Remote ischemic conditioning alternative

Remote ischemic conditioning is based on the fact that transient non-injurious ischemia of one organ or tissue can protect a distant organ or tissue from ischemic injury. Gho et al. [47] reported that brief ischemia of the kidney or small intestine was able to protect the myocardium against prolonged ischemia. Birnbaum et al. [48] demonstrated that rabbit hindlimb ischemia protected the heart against later ischemia. In 2005, Kerendi et al. [49] moved the remote ischemic stimulus in time, from before ischemia to later during the period of organ ischemia, and showed that renal ischemia was cardioprotective.

To understand the mechanisms involved, three theories have been advanced: (1) humoral factors acting via the systemic circulation, particularly eNO, ROS, adenosine, kininogens and opioids; (2) neurogenic transmission with involvement of muscle afferents and the autonomic nervous system; and (3) effects on immune cells with reduction of neutrophil activation and adherence to endothelium, and inflammatory gene expression [50]. The final common pathway of protection in the target organ involves activation of the reperfusion injury salvage kinases or survival-activating factor enhancement pathways that ultimately converge on the mitochondria to open mKATP channels, thereby preventing the opening of the mPTP [7,8].
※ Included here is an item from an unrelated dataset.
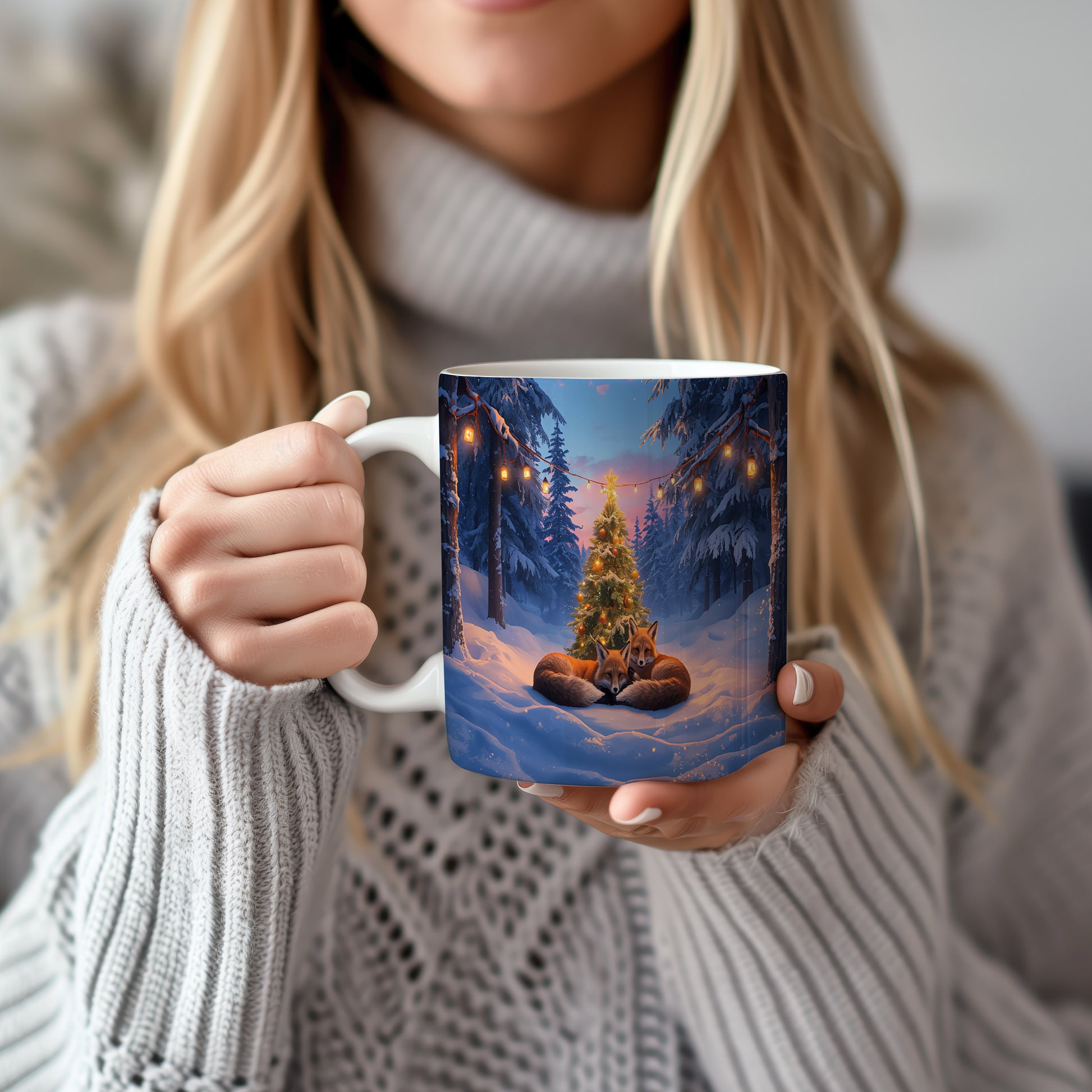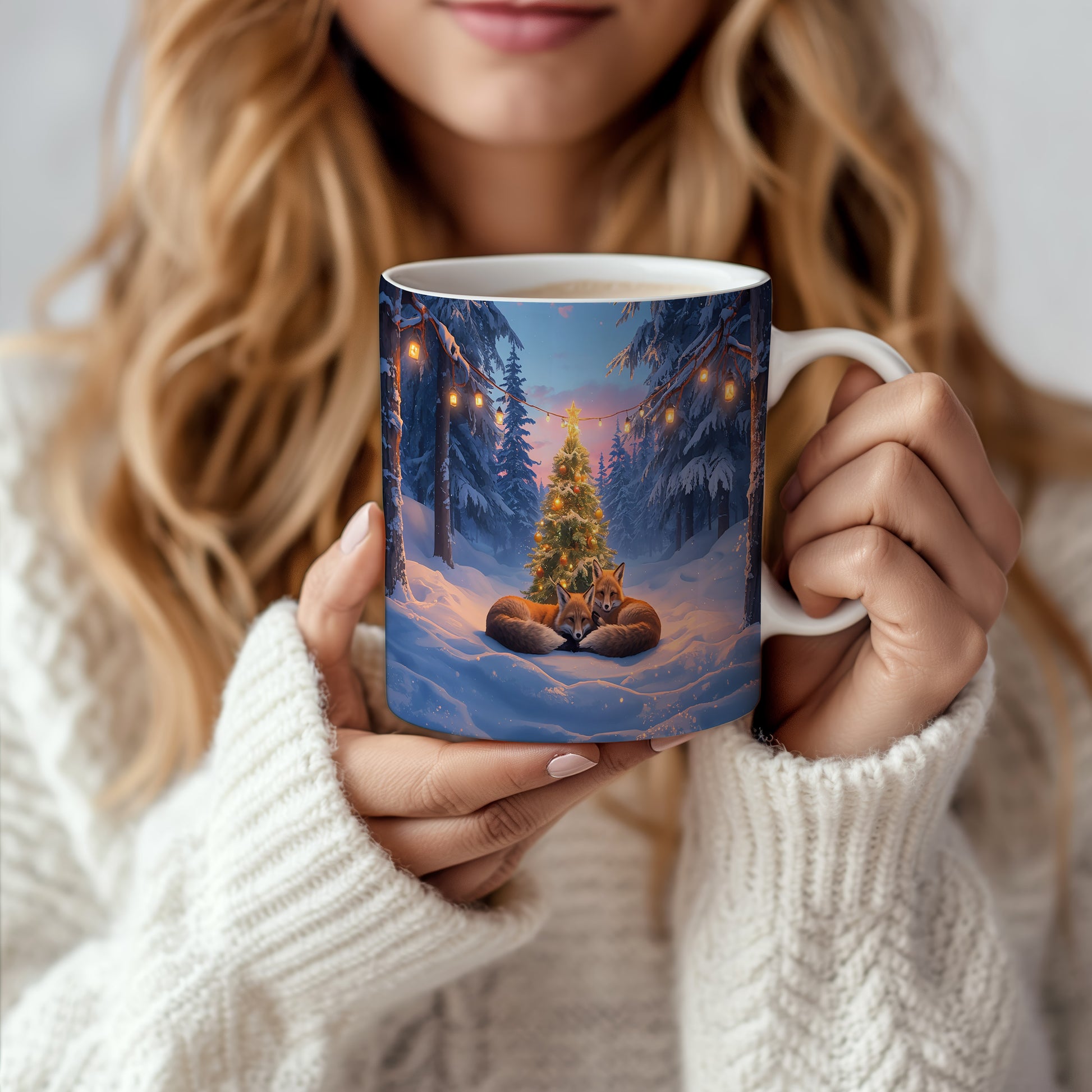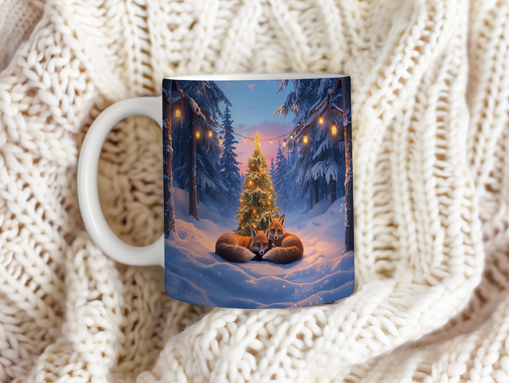 Na hrnku jsou dvě lišky ležící v zasněženém lese s ozdobeným vánočním stromkem a světýlky. Atmosféra je klidná a kouzelná. Hrnek 330ml – vhodný do myčky i mikrovlnky.

In a meta-analysis of 23 randomized clinical trials of remote conditioning, most involving patients undergoing cardiac surgery, limb conditioning did not reduce mortality or major adverse cardiovascular events compared with no conditioning but did reduce the incidence of myocardial infarction and troponin release [51]. Bøtker and colleagues [52] reported the use of blood pressure cuff inflation/deflation for four cycles of 5-min occlusion in patients with STEMI before primary PCI. The intervention group (n = 73) had higher mean and median salvage indices at 30 days, estimated by gated single photon emission computed tomography, than the control group (n = 69). The benefit was greatest in the subset of patients with coronary vessel occlusion on admission angiography. More recently, Crimi et al. [53] showed that in patients with anterior STEMI, remote ischemic conditioning of the lower limb at the time of primary PCI reduced enzymatic infarct size and was also associated with ST-segment resolution and improvement of T2-weighted edema volume in cardiac MRI.

Conclusion

Although the majority of the studies demonstrate that post-conditioning might reduce injury biomarkers, the other benefits of post-conditioning remain controversial, and data on long-term outcomes are limited. Several confounders such as co-morbidities, co-medication and the difference in post-conditioning protocols might be responsible for the huge disparity observed between the various studies. Moreover, the limited number of randomized trials, including large cohorts, and the significant variations encountered in clinical events when the STEMI model is employed as a post conditioning model make it difficult to confirm the impact of post-conditioning. Further studies are therefore needed to better identify the best protocol to adopt, which patient might gain more benefit from such a procedure, and the overall possible benefits of associating post-conditioning with pharmacological and remote ischemic conditioning.